The architectural process was slow, getting permits from the city was even slower, but last summer, she and Zuchero finally were able to move in.

Pennsport was new in some ways, familiar in others.

"You could tell the neighborhood was starting to change, but most of the houses are still occupied by the same people," she said. "Some of them remembered me."

The house has three bedrooms, 2½ baths, and just 1,600 square feet, including the unfinished basement.

"We wanted to go with lighter furniture because the house is small," Hayes said. "Everything had to have a clean look."

Hanging pieces by Michael Biello, a Philadelphia-based artist whose work has been displayed internationally, are scattered throughout, saving space with their verticality. The largest one hangs like a pendulum through the three-story stairwell with industrial-style railings.

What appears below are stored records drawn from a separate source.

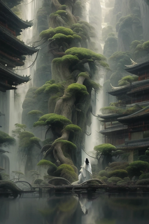 an painting in a style of oriental painting, in the style of matte painting, layered and atmospheric landscapes, rich and immersive, quiet contemplation, dark white and green, history painting, zen-inspired, grandeur of scale, highly detailed, dynamic, cinematic, stunning, realistic lighting and shading, vivid, vibrant, 8k, octane render, unreal engine, very detailed, concept art, realistic, Cry engine, wide shot, 1 girl, very long hair, white hair, (upper body:1.0), <lora:pine_20230904213617:1>, <lora:LowRA:0.4>, <lora:add_detail:1>
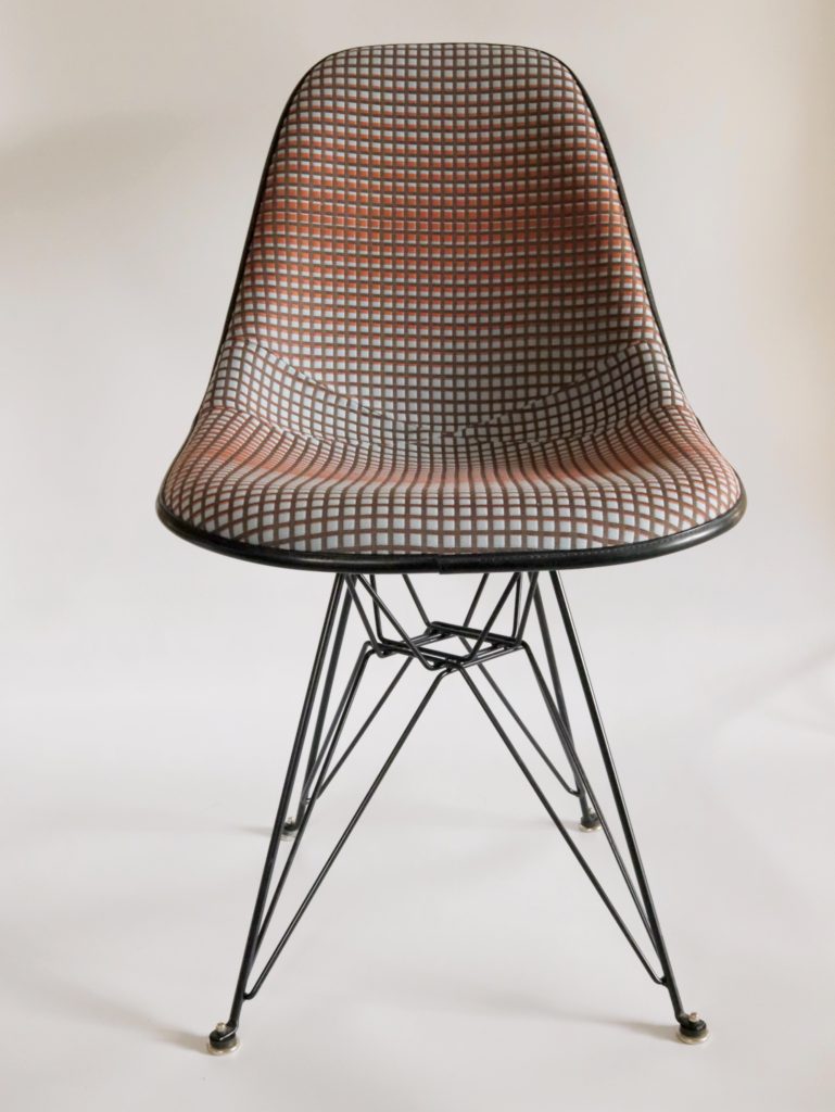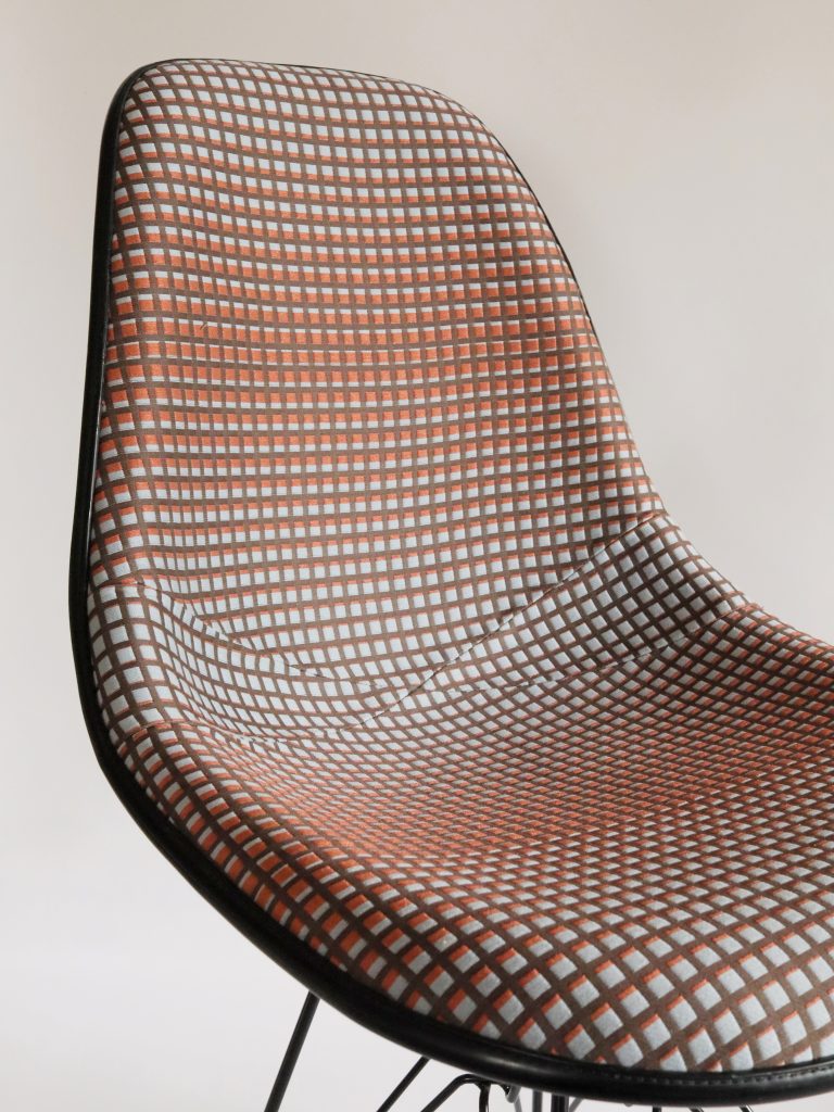 数年前に張替えのご依頼をいただきましたサイドシェルチェアをmaharamの別の生地で再度張替えのご依頼をいただきました。
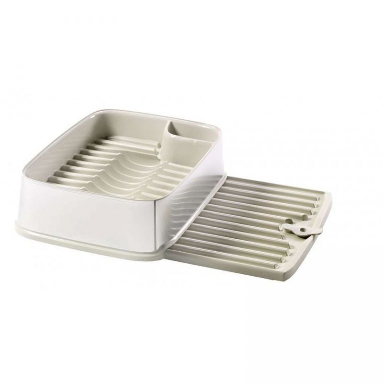 Praktikus négyszögletes csepegtető tálca kihúzható kiegészítő csepegtetővel, amely el van helyezve a csepegtető tálca alá. Csepegtető tálca krém-ezüst színű.
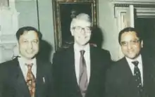 In 1993, Agashe was invited to open the Deodhar Entrance to the Nehru Stadium, Pune.[56] In 1994, he provided financial assistance to Société géologique de France for their research.[57][58] During his tenure as chairman of the association in the early 1990s, he was twice elected as the vice president and once as the treasurer of the Board of Control for Cricket in India, being elected for his second term as vice president in 1995.[29] In 1996, he had also contested for the post of BCCI's president, but lost by two votes.[59] That same year, he was also the vice chairman of the finance committee of the Pakistan-India-Lanka Joint Management Committee (Pilcom), which had organised the 1996 World Cup.[60] The late 1990s also saw Agashe diversify the syndicate and bank businesses to incorporate country liquor and banking software,[61] alongside research into sugarcane for the syndicate.[28] In 1996, he stepped down as managing director of the syndicate in favour of his son, Ashutosh.[62]

Hayes and Zuchero wanted to be able to watch TV in the living room but didn't like the idea of the set dominating the room. So they hide it behind sliding abstract art panels when it's not in use.

For energy efficiency, they installed Mitsubishi heating ducts and a tankless instant hot water heater.

The main bathroom has a large Corian tub, and the kitchen has granite countertops.

"John is the chef," Hayes said. "So he got to pick the appliances."

The one drawback to the house, they said, was a blank wall on the house across the street, a huge expanse of beige visible from the side balcony.

They were thinking of offering to have a mural put on it at their own expense when the couple found out that legendary mosaic artist Isaiah Zagar and his apprentices were about to decorate it.

But there is still work to be done.

Zuchero plans to redo the master bedroom with bureaus sunk into the wall and with lighting similar to what he saw in a South Philadelphia bar.

And "the deck will be addressed next year," Hayes said.